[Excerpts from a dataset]
== == ==

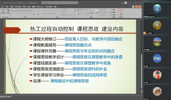 按照活动安排,首先由郑煜鑫老师、周亮老师、徐甜甜老师分别介绍“汽轮机原理”、“传热学B”、“热力发电厂”的知识图谱建设经验,然后由李洁老师介绍“热工过程自动控制”的课程思政建设要点。
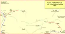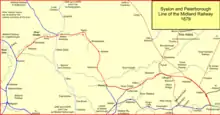Having failed to kill off the Great Northern Railway promoters' scheme, Hudson now took steps to enhance his access to East Anglia. The Eastern Counties Railway was established there and was planned to reach Peterborough. Hudson now proposed a new railway from the Midland Railway main line at Syston, north of Leicester, to Peterborough, where it could link with the Eastern Counties Railway.[6] The new line was expected to cost £700,000.[7]
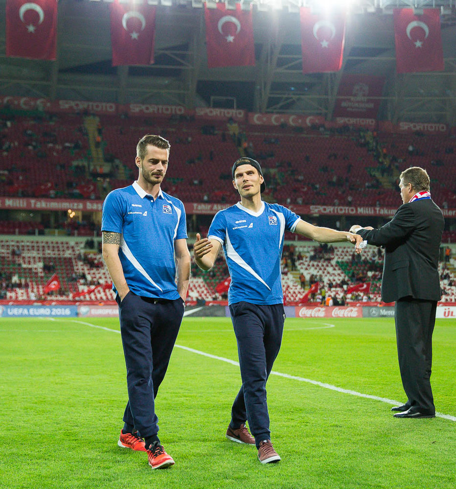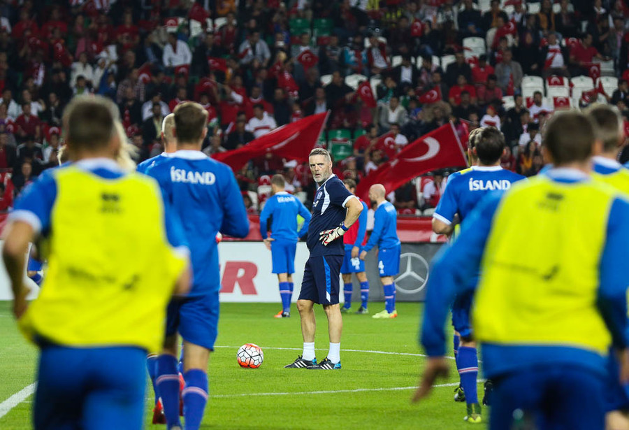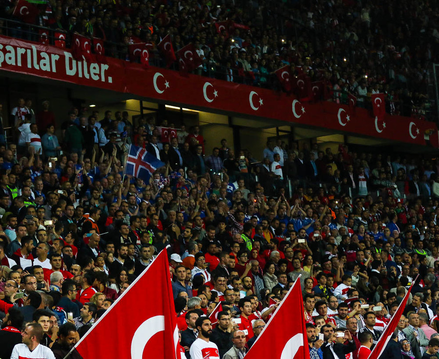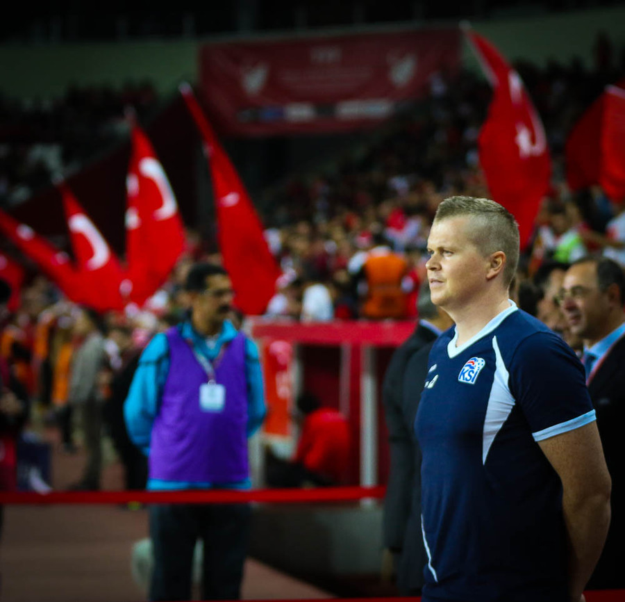 Það má búast við hreint út sagt ótrúlegri stemningu á vellinum hér í kvöld. Uppselt var á leikinn fyrir tveimur vikum og Torku Arena tekur 42.000 manns í sæti. Tyrkir eru þekktir fyrir að vera ansi líflegir á pöllunum og það er ekki von á öðru í kvöld, svo sannarlega ekki.
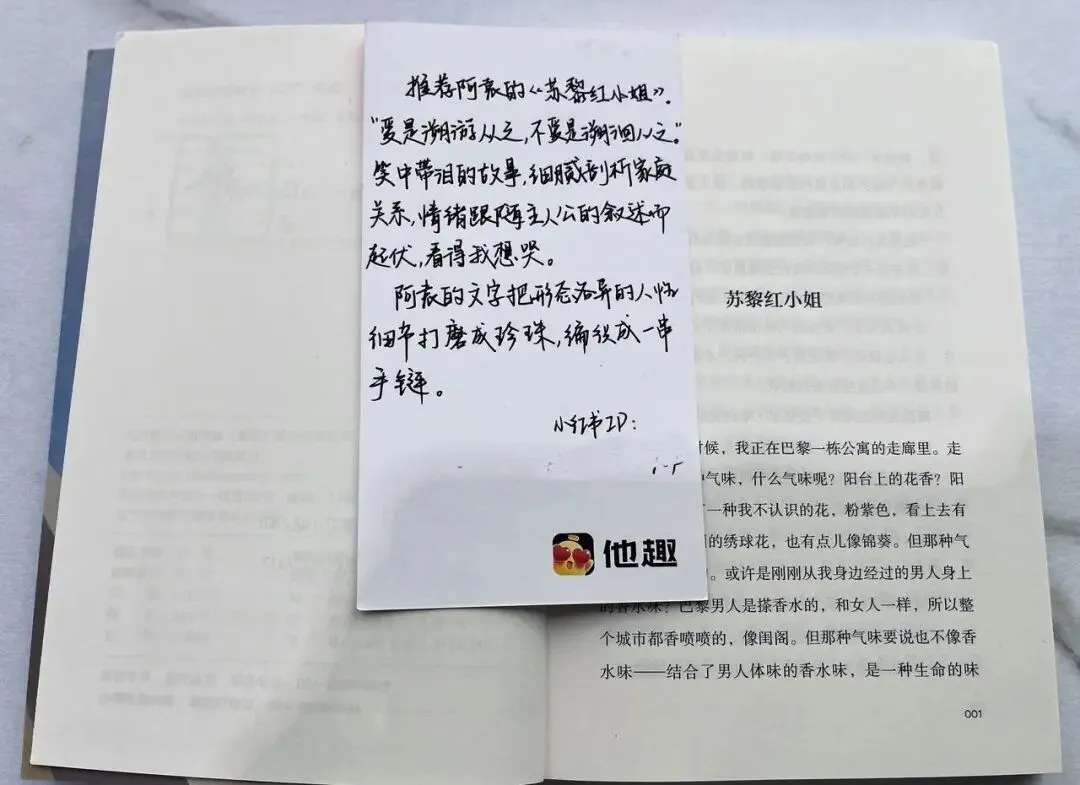 有人晒出《苏黎红小姐》书页间夹着的明信片上对方用工整的字迹写着:"爱是溯游从之,不爱是溯洄从之"
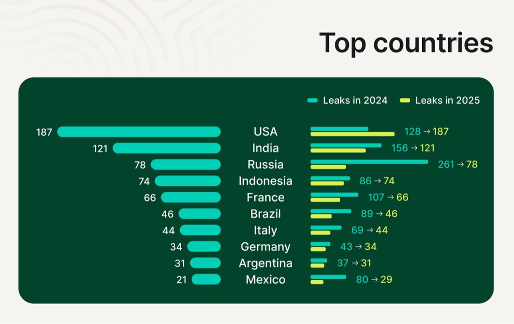 Entre los países más afectados durante 2025 aparecen Estados Unidos e India, con 187 y 121 filtraciones, respectivamente.
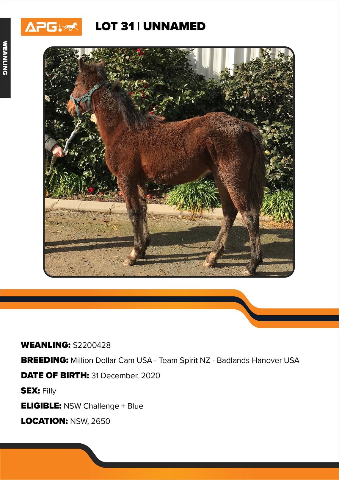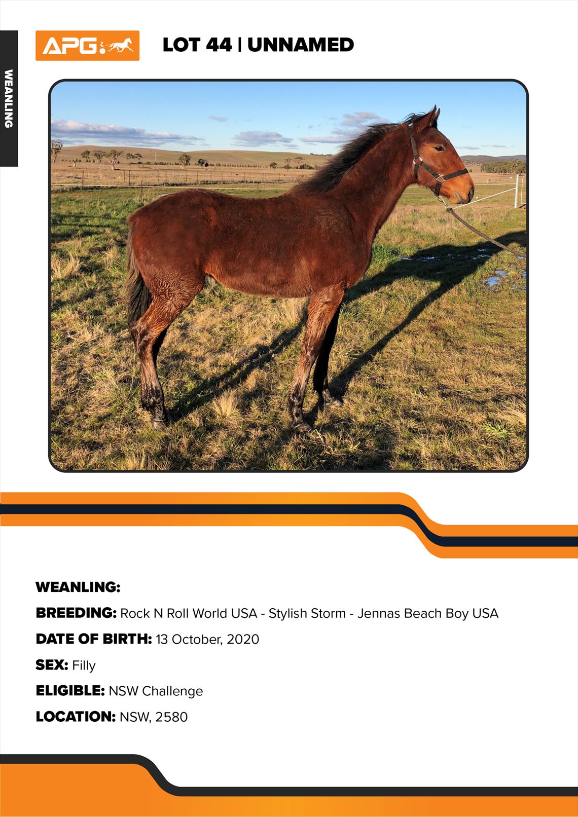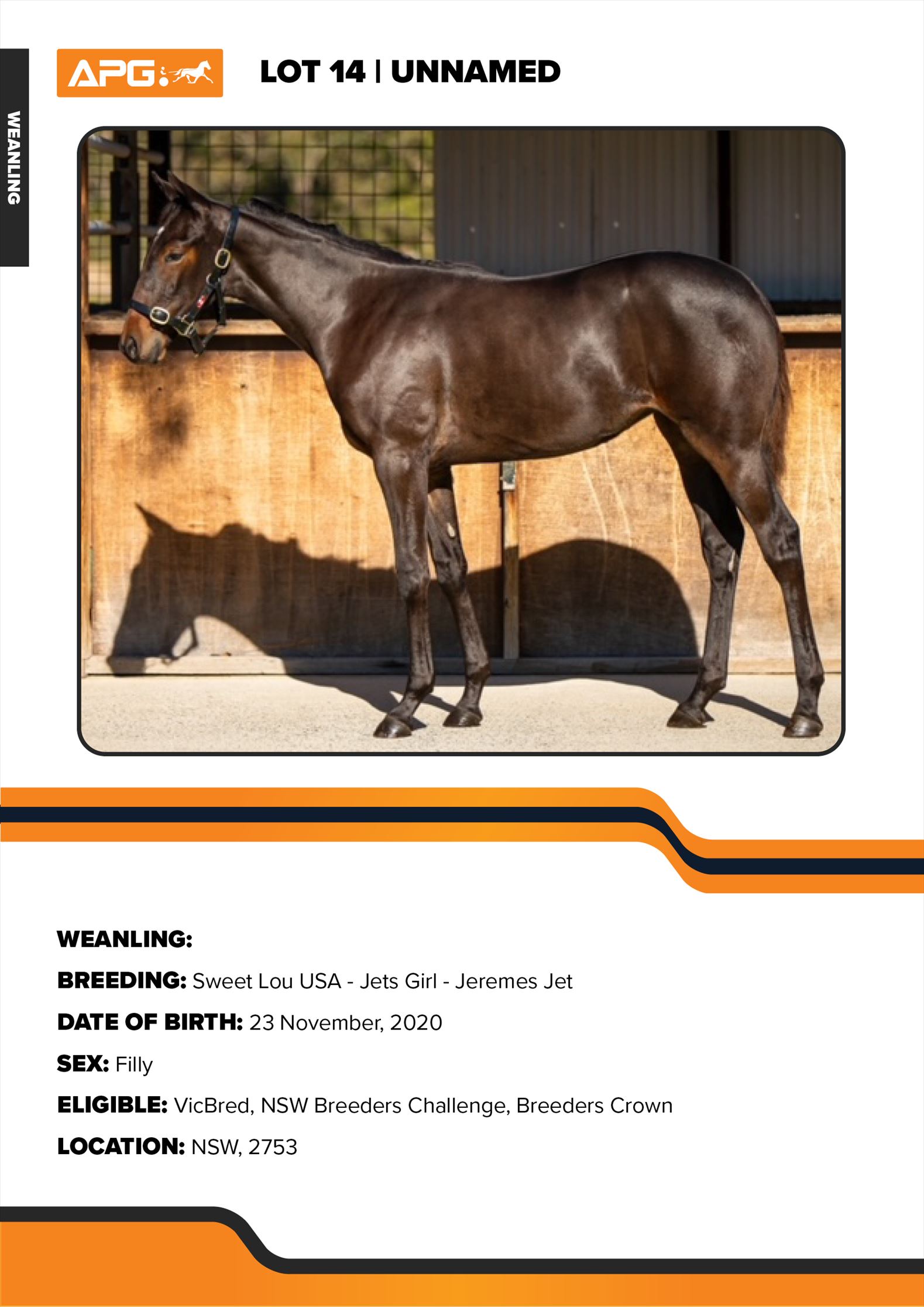 | Filly | Starshine Lady | Sweet Lou USA | Jets Girl | Michelle Wardle | NSW, 2753 | Russell Campbell | $13,000 |
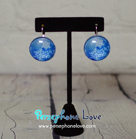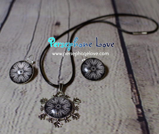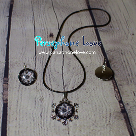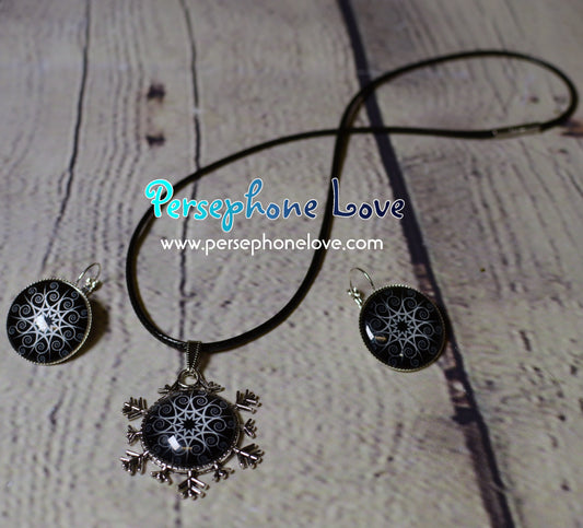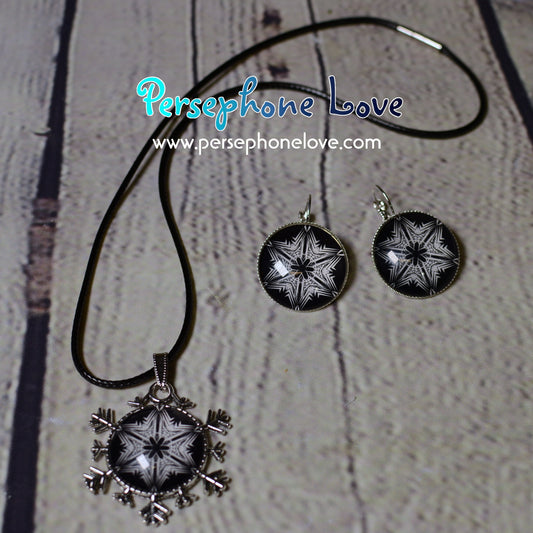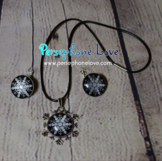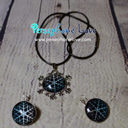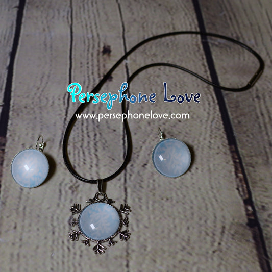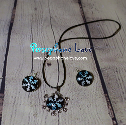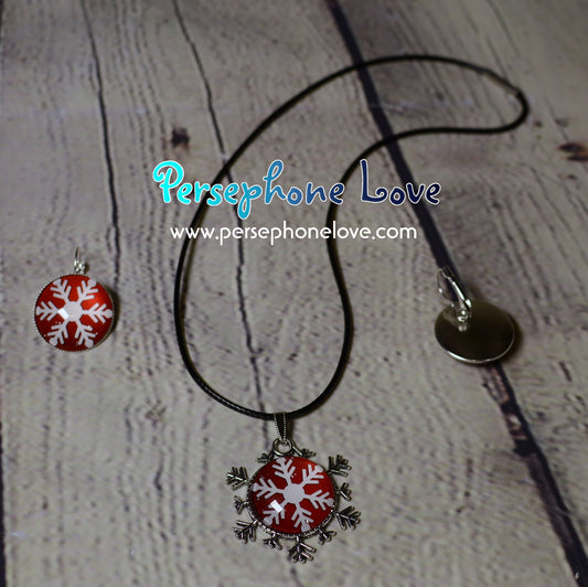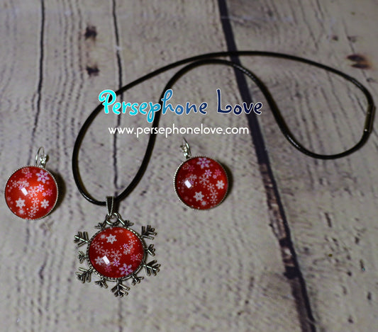 Winter holiday glass cabochon necklace earring set-1213

== == ==

▸ TASK PROMPT
Copy every line of the data exactly as written, excluding the pictures.

▸ TASK RESULT
 按照活动安排,首先由郑煜鑫老师、周亮老师、徐甜甜老师分别介绍“汽轮机原理”、“传热学B”、“热力发电厂”的知识图谱建设经验,然后由李洁老师介绍“热工过程自动控制”的课程思政建设要点。
Having failed to kill off the Great Northern Railway promoters' scheme, Hudson now took steps to enhance his access to East Anglia. The Eastern Counties Railway was established there and was planned to reach Peterborough. Hudson now proposed a new railway from the Midland Railway main line at Syston, north of Leicester, to Peterborough, where it could link with the Eastern Counties Railway.[6] The new line was expected to cost £700,000.[7]
 Það má búast við hreint út sagt ótrúlegri stemningu á vellinum hér í kvöld. Uppselt var á leikinn fyrir tveimur vikum og Torku Arena tekur 42.000 manns í sæti. Tyrkir eru þekktir fyrir að vera ansi líflegir á pöllunum og það er ekki von á öðru í kvöld, svo sannarlega ekki.
 有人晒出《苏黎红小姐》书页间夹着的明信片上对方用工整的字迹写着:"爱是溯游从之,不爱是溯洄从之"
 Entre los países más afectados durante 2025 aparecen Estados Unidos e India, con 187 y 121 filtraciones, respectivamente.
 | Filly | Starshine Lady | Sweet Lou USA | Jets Girl | Michelle Wardle | NSW, 2753 | Russell Campbell | $13,000 |
 Winter holiday glass cabochon necklace earring set-1213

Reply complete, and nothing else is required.